Output, word for word, the line that contains "The technology centrepiece" and all lines following it to the end of the listing. Drop the pictures.
═════ DATASET SECTION ═════
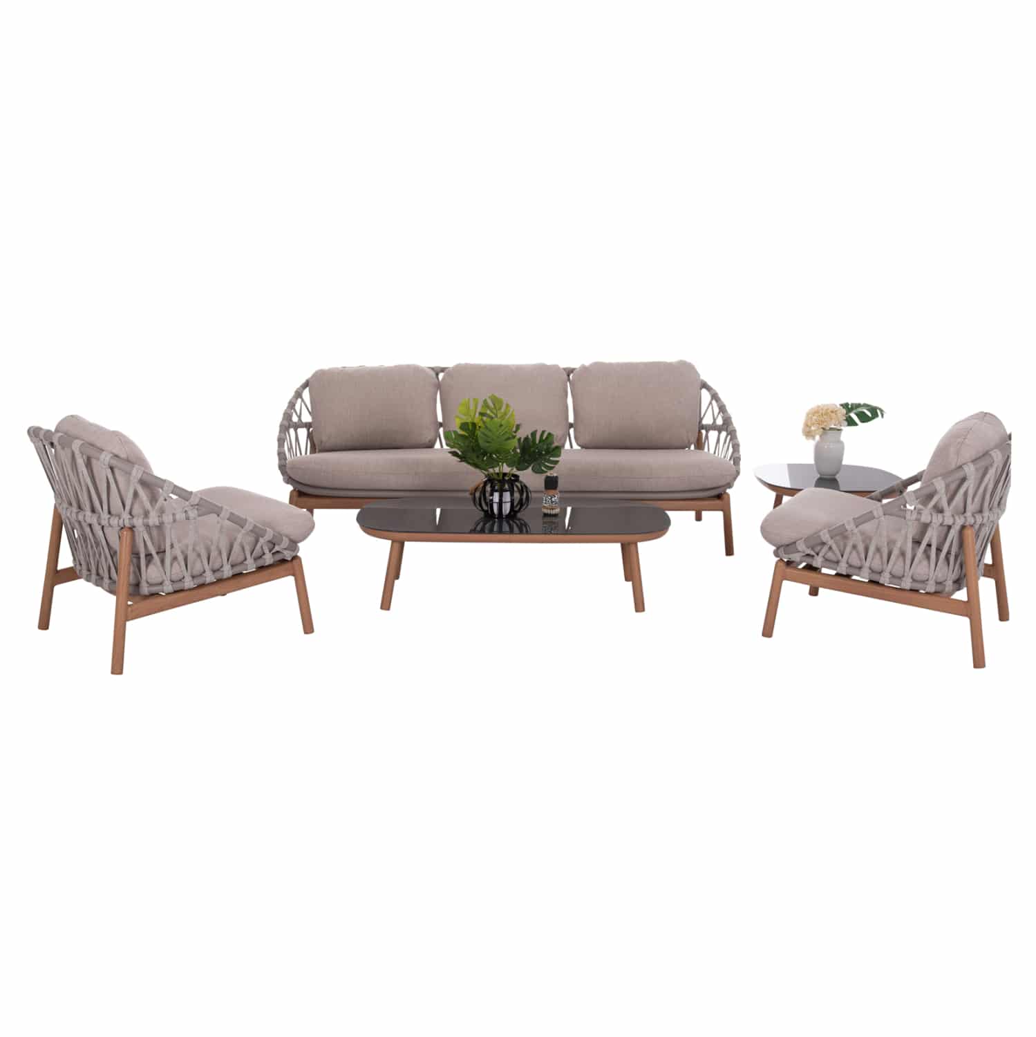 Το KROM είναι ένα σαλόνι εξωτερικού χώρου που αποτελείται από έναν 3-θέσιο καναπέ, 2 αναπαυτικές πολυθρόνες, και δύο τραπεζάκια (ένα ορθογώνιο κι ένα τετράγωνο). Τα πόδια είναι από αλουμίνιο σε χρώμα ξύλου με μαξιλάρια σε ανοιχτό ΓΚΡΙ χρώμα. Σε όλο το σετ η επένδυση στον γκρι αλουμινένιο σκελετό έχει γίνει με πολυεστερικό σχοινί strap, ενώ το top στα τραπεζάκια από 3D printed γυαλί σε σκούρο ΓΚΡΙ χρώμα, απογειώνει ποιοτικά όλη την σύνθεση!
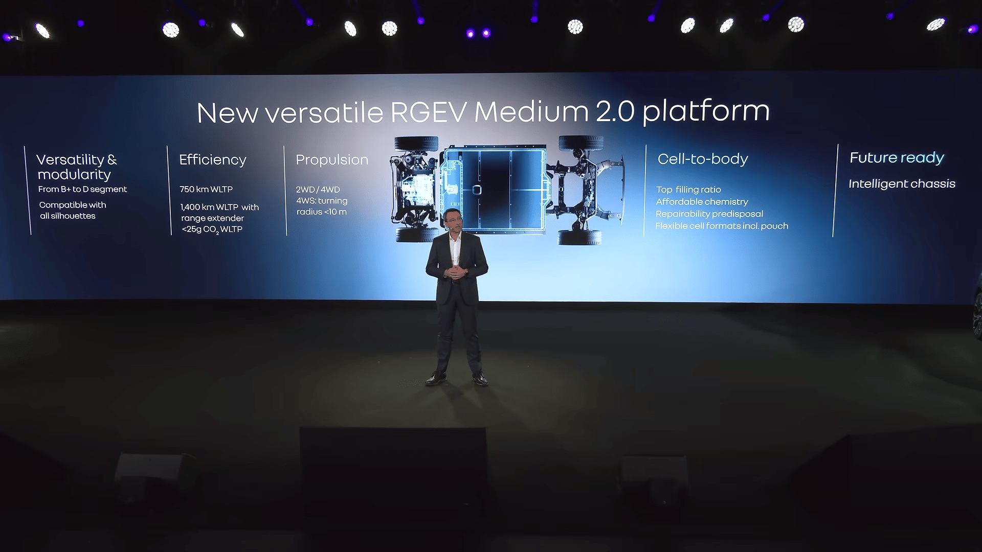 The technology centrepiece of futuREady is the RGEV Medium 2.0 electric platform, operational from 2028, covering the B-plus to D segments across saloon, SUV and MPV body styles. The group projects a 40% cost reduction against the current EV generation, a WLTP range of up to 750 km in standard form and up to 1,400 km with a range extender, and the platform will be developed primarily in France, with localisation planned in Palencia, Spain. It uses a cell-to-body battery design with a 70% fill rate (the proportion of pack volume occupied by active cells) and 20% fewer parts. French aggregate production output is expected to be 20% higher over the 2026 to 2030 period than over the preceding five years.
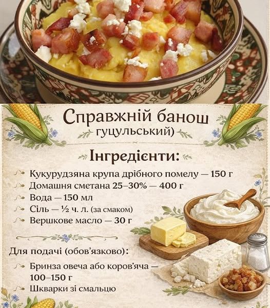 Банош — це не просто страва, а частина карпатської душі. Ніжний, вершковий, з ароматом сметани та солоної бринзи. Якщо дотримуватися правил — смак буде ідеальний ![]()
═════
RESULT BELOW.
 The technology centrepiece of futuREady is the RGEV Medium 2.0 electric platform, operational from 2028, covering the B-plus to D segments across saloon, SUV and MPV body styles. The group projects a 40% cost reduction against the current EV generation, a WLTP range of up to 750 km in standard form and up to 1,400 km with a range extender, and the platform will be developed primarily in France, with localisation planned in Palencia, Spain. It uses a cell-to-body battery design with a 70% fill rate (the proportion of pack volume occupied by active cells) and 20% fewer parts. French aggregate production output is expected to be 20% higher over the 2026 to 2030 period than over the preceding five years.
 Банош — це не просто страва, а частина карпатської душі. Ніжний, вершковий, з ароматом сметани та солоної бринзи. Якщо дотримуватися правил — смак буде ідеальний ![]()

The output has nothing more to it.